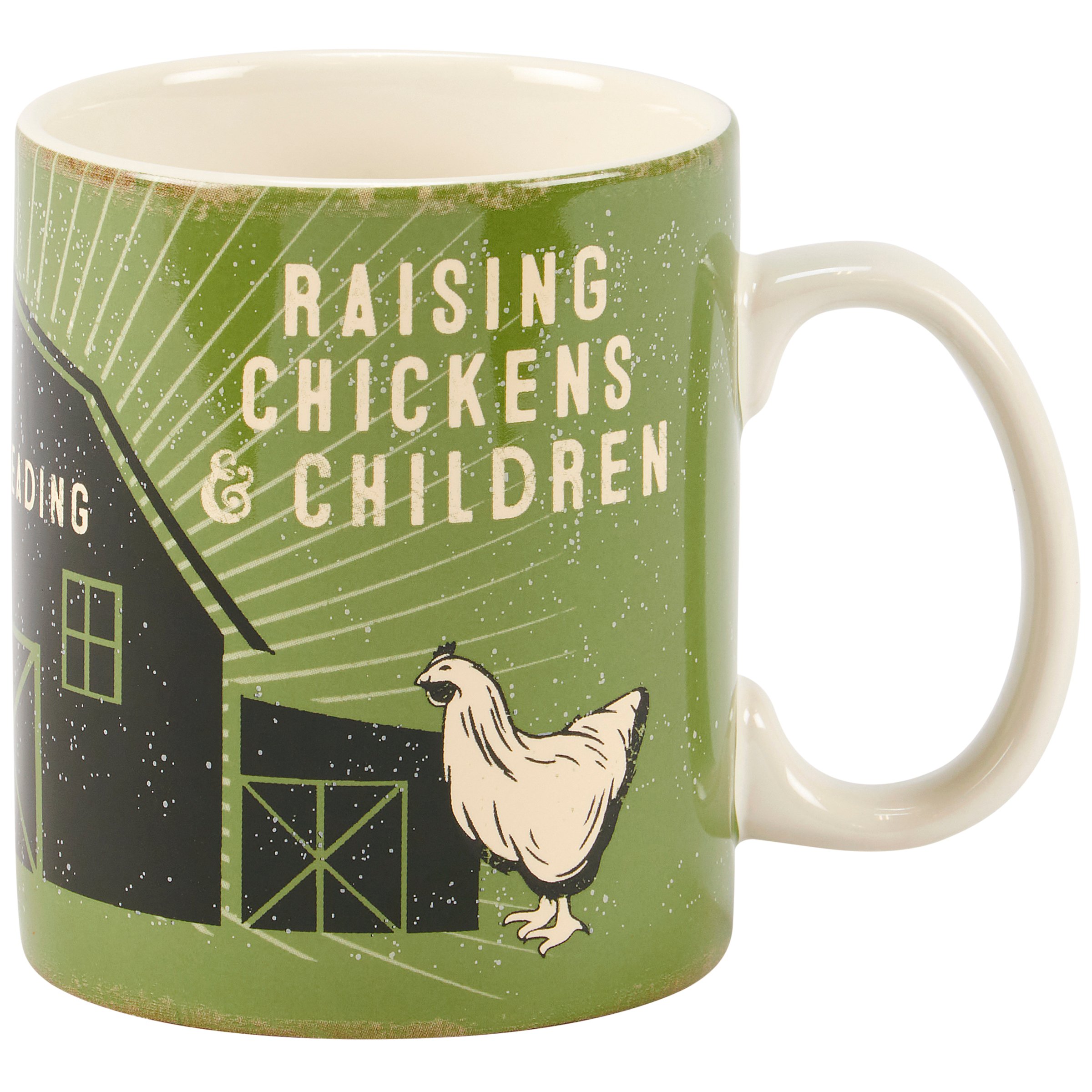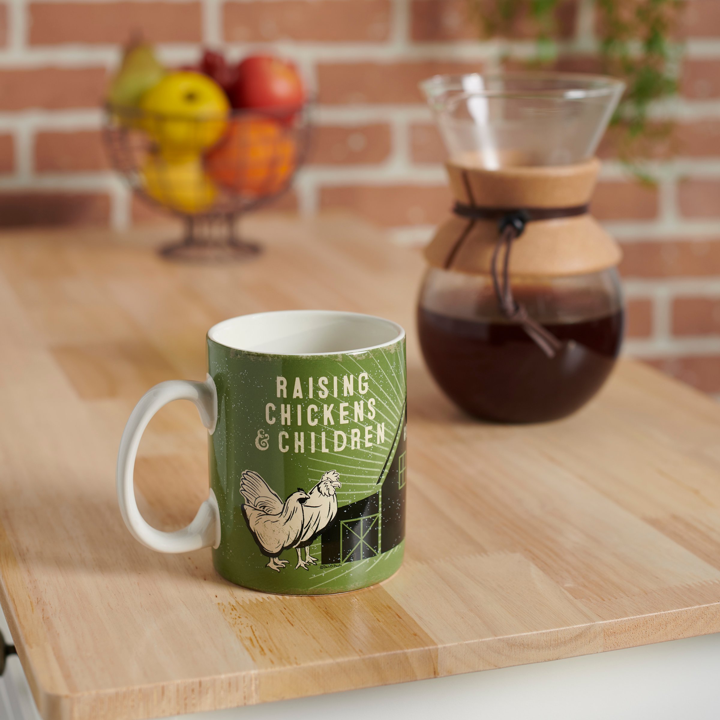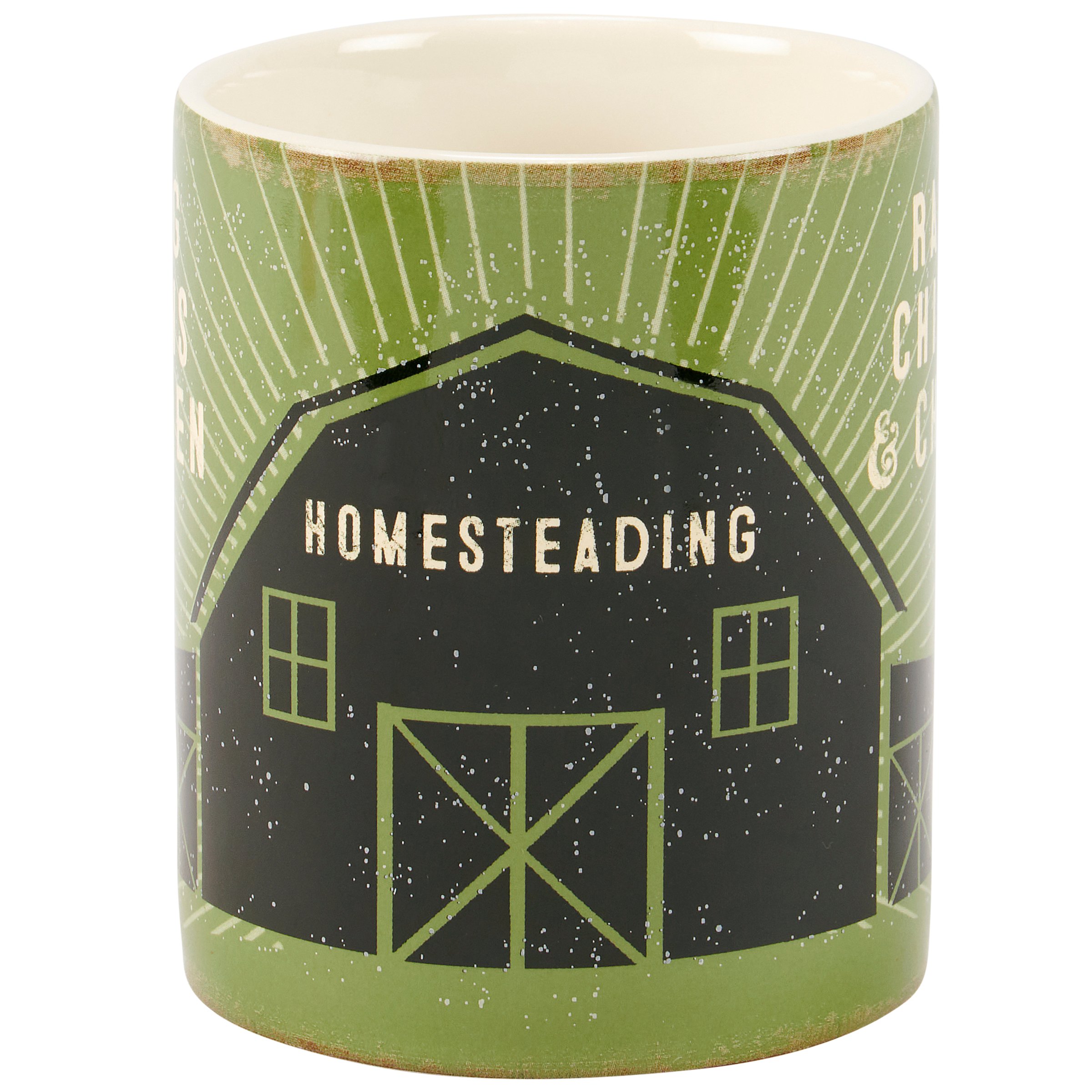A stoneware 20 oz mug from our Homestead Collection displaying a full wrap-around design of a barn and chicken in a rustic style with a fun local farm inspired sentiment that reads "Homesteading - Raising Chickens & Children." Our Raising Chickens mug is conveniently microwave, oven, dishwasher, and food safe for easy use. A fun farm-themed gift perfect for everyday drinkware.
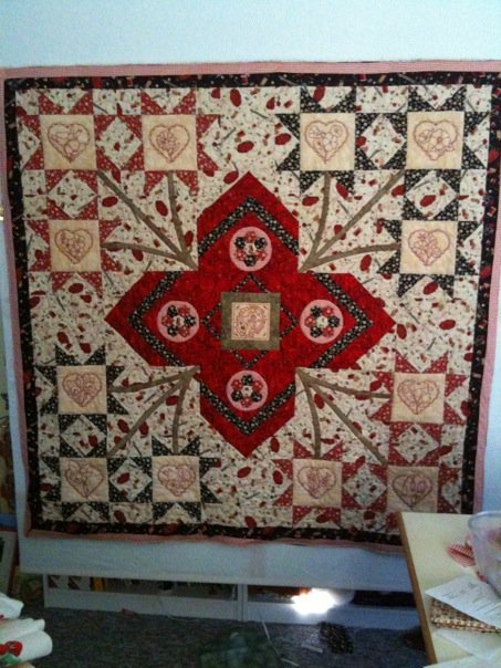 | Design Source - Description | Did the 12 redwork blocks but wanted something different for a setting. Pieced blocks, enghlis paper pieced Hexigons. |
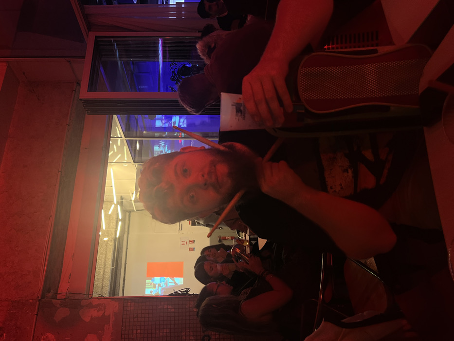 The image depicts an indoor night scene at Gare Saint Sauveur in Lille, France, characterized by prominent red ambient lighting. A Caucasian male with a beard and curly hair, appearing to be in his 20s or 30s, is centered in the foreground, looking directly at the camera with a slight smile and open mouth. He wears a dark t-shirt. He holds two drumsticks, crossed in front of him, with one tip near his left shoulder and the other near his right chin. His right hand holds a clear plastic cup bearing the "Gare Saint Sauveur" logo. A red and black object, possibly a padded case for an instrument, rests on a table to his right. In the mid-ground on the left, several individuals are seated at tables, their forms partially obscured by the red light. One woman, with lighter hair, is visible on the far left, and another individual appears to be interacting with a mobile device. The background reveals an expansive space with exposed concrete or similar architectural elements on the ceiling. To the far left, a projector screen displays an image with dominant orange and blue segments. Two red fire extinguisher pictograms are visible on a white wall section beneath the screen. Through a glass partition or large windows in the center-right and right background, a separate room or area is visible, illuminated distinctly by blue neon or LED lighting, featuring linear light fixtures and silhouettes of additional people.
****************
→ Task: Reproduce the material above exactly but drop all images.

→ Task result:
A stoneware 20 oz mug from our Homestead Collection displaying a full wrap-around design of a barn and chicken in a rustic style with a fun local farm inspired sentiment that reads "Homesteading - Raising Chickens & Children." Our Raising Chickens mug is conveniently microwave, oven, dishwasher, and food safe for easy use. A fun farm-themed gift perfect for everyday drinkware.
 | Design Source - Description | Did the 12 redwork blocks but wanted something different for a setting. Pieced blocks, enghlis paper pieced Hexigons. |
 The image depicts an indoor night scene at Gare Saint Sauveur in Lille, France, characterized by prominent red ambient lighting. A Caucasian male with a beard and curly hair, appearing to be in his 20s or 30s, is centered in the foreground, looking directly at the camera with a slight smile and open mouth. He wears a dark t-shirt. He holds two drumsticks, crossed in front of him, with one tip near his left shoulder and the other near his right chin. His right hand holds a clear plastic cup bearing the "Gare Saint Sauveur" logo. A red and black object, possibly a padded case for an instrument, rests on a table to his right. In the mid-ground on the left, several individuals are seated at tables, their forms partially obscured by the red light. One woman, with lighter hair, is visible on the far left, and another individual appears to be interacting with a mobile device. The background reveals an expansive space with exposed concrete or similar architectural elements on the ceiling. To the far left, a projector screen displays an image with dominant orange and blue segments. Two red fire extinguisher pictograms are visible on a white wall section beneath the screen. Through a glass partition or large windows in the center-right and right background, a separate room or area is visible, illuminated distinctly by blue neon or LED lighting, featuring linear light fixtures and silhouettes of additional people.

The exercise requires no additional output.